_Data shown_:
# # # #
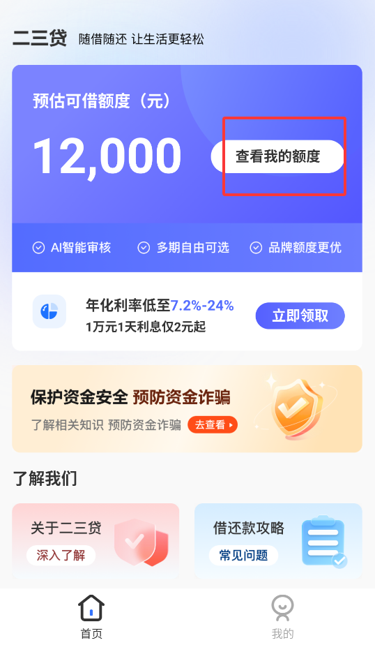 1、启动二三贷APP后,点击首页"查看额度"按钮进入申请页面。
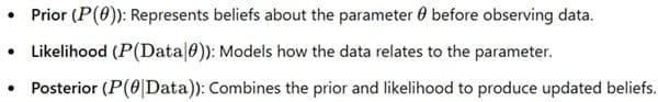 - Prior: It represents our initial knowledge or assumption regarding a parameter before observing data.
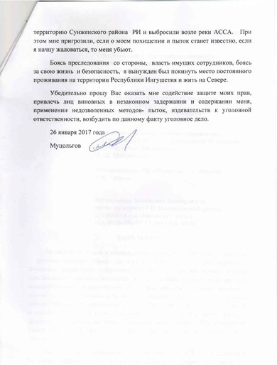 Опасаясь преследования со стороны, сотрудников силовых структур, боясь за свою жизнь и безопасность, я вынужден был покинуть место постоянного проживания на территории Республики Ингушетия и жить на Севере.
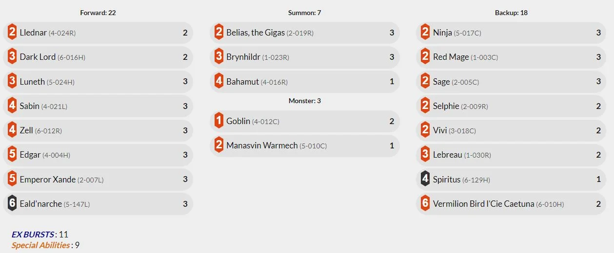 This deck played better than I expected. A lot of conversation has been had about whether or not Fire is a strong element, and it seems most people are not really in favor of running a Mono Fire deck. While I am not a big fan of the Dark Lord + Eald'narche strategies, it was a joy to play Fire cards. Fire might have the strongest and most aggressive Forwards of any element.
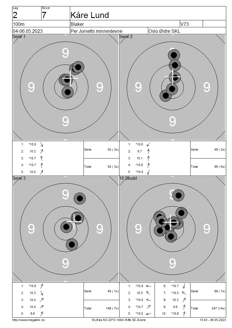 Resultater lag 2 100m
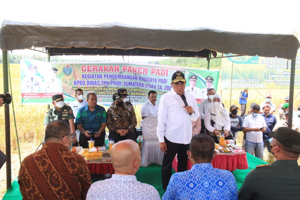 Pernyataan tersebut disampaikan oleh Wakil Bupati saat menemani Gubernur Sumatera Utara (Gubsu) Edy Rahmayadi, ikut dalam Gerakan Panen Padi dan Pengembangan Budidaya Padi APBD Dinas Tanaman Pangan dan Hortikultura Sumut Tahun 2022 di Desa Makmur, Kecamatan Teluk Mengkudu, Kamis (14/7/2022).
# # # #
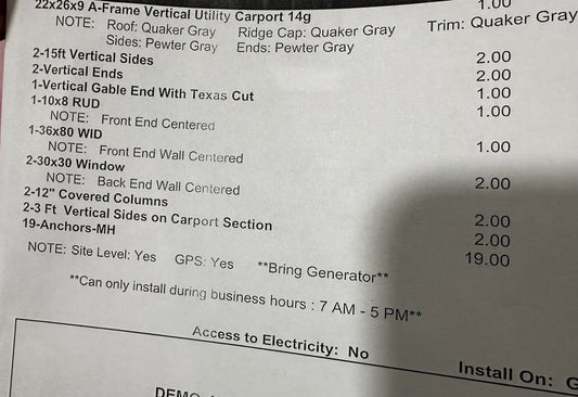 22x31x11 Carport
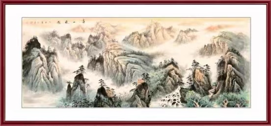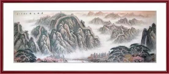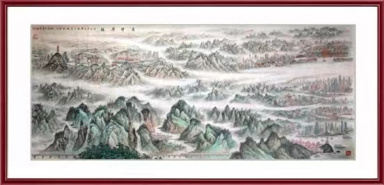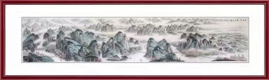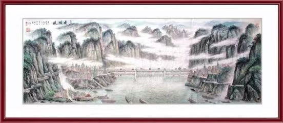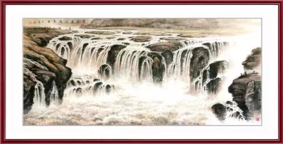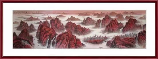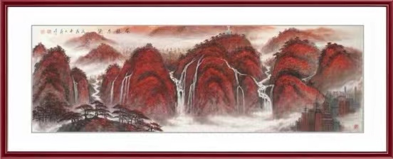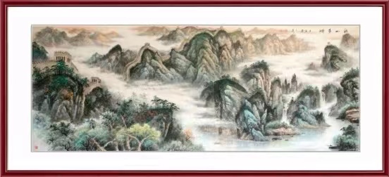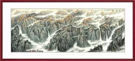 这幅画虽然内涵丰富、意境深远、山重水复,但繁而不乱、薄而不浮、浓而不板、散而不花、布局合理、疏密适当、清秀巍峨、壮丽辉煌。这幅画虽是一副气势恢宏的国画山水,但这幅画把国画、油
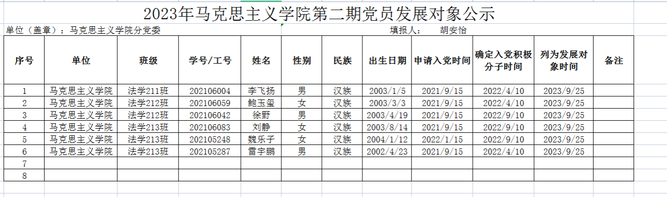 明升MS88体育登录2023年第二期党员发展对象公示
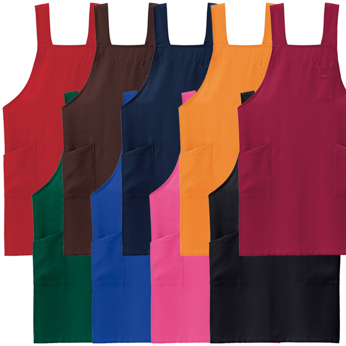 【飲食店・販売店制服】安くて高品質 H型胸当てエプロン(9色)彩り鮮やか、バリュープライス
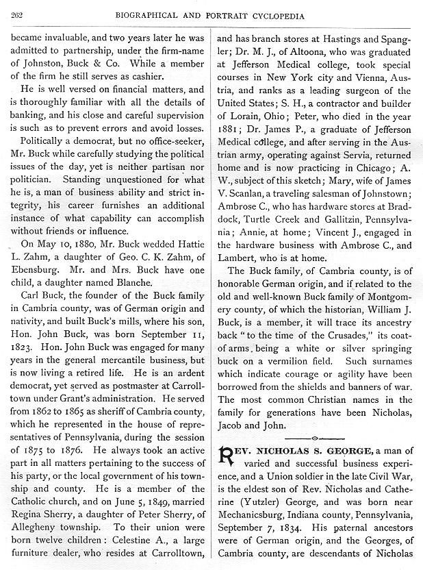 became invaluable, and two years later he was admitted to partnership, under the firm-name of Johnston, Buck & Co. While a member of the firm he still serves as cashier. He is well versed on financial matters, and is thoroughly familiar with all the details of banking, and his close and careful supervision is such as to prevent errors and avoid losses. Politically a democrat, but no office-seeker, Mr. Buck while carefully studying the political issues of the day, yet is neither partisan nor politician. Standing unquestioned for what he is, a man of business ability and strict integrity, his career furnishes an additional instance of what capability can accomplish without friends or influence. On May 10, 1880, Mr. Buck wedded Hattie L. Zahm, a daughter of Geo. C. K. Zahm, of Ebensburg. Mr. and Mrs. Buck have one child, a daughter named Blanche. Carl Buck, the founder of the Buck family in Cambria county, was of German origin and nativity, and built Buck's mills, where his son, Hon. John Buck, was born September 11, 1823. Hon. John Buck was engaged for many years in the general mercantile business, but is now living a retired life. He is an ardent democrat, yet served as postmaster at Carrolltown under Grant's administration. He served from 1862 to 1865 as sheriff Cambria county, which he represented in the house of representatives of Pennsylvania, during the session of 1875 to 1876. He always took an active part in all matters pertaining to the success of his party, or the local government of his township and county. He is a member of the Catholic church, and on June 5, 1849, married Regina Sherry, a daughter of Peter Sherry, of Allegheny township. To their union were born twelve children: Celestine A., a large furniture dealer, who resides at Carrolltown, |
# # # #
_Prompt_:
A word-for-word reproduction is needed of the lines above from the line containing "明升MS88体育登录2023年第二期党员发展对象公示" through the line containing "became invaluable, and", with both ends kept and no pictures.

_Exercise response_:
 明升MS88体育登录2023年第二期党员发展对象公示
 【飲食店・販売店制服】安くて高品質 H型胸当てエプロン(9色)彩り鮮やか、バリュープライス
 became invaluable, and two years later he was admitted to partnership, under the firm-name of Johnston, Buck & Co. While a member of the firm he still serves as cashier. He is well versed on financial matters, and is thoroughly familiar with all the details of banking, and his close and careful supervision is such as to prevent errors and avoid losses. Politically a democrat, but no office-seeker, Mr. Buck while carefully studying the political issues of the day, yet is neither partisan nor politician. Standing unquestioned for what he is, a man of business ability and strict integrity, his career furnishes an additional instance of what capability can accomplish without friends or influence. On May 10, 1880, Mr. Buck wedded Hattie L. Zahm, a daughter of Geo. C. K. Zahm, of Ebensburg. Mr. and Mrs. Buck have one child, a daughter named Blanche. Carl Buck, the founder of the Buck family in Cambria county, was of German origin and nativity, and built Buck's mills, where his son, Hon. John Buck, was born September 11, 1823. Hon. John Buck was engaged for many years in the general mercantile business, but is now living a retired life. He is an ardent democrat, yet served as postmaster at Carrolltown under Grant's administration. He served from 1862 to 1865 as sheriff Cambria county, which he represented in the house of representatives of Pennsylvania, during the session of 1875 to 1876. He always took an active part in all matters pertaining to the success of his party, or the local government of his township and county. He is a member of the Catholic church, and on June 5, 1849, married Regina Sherry, a daughter of Peter Sherry, of Allegheny township. To their union were born twelve children: Celestine A., a large furniture dealer, who resides at Carrolltown, |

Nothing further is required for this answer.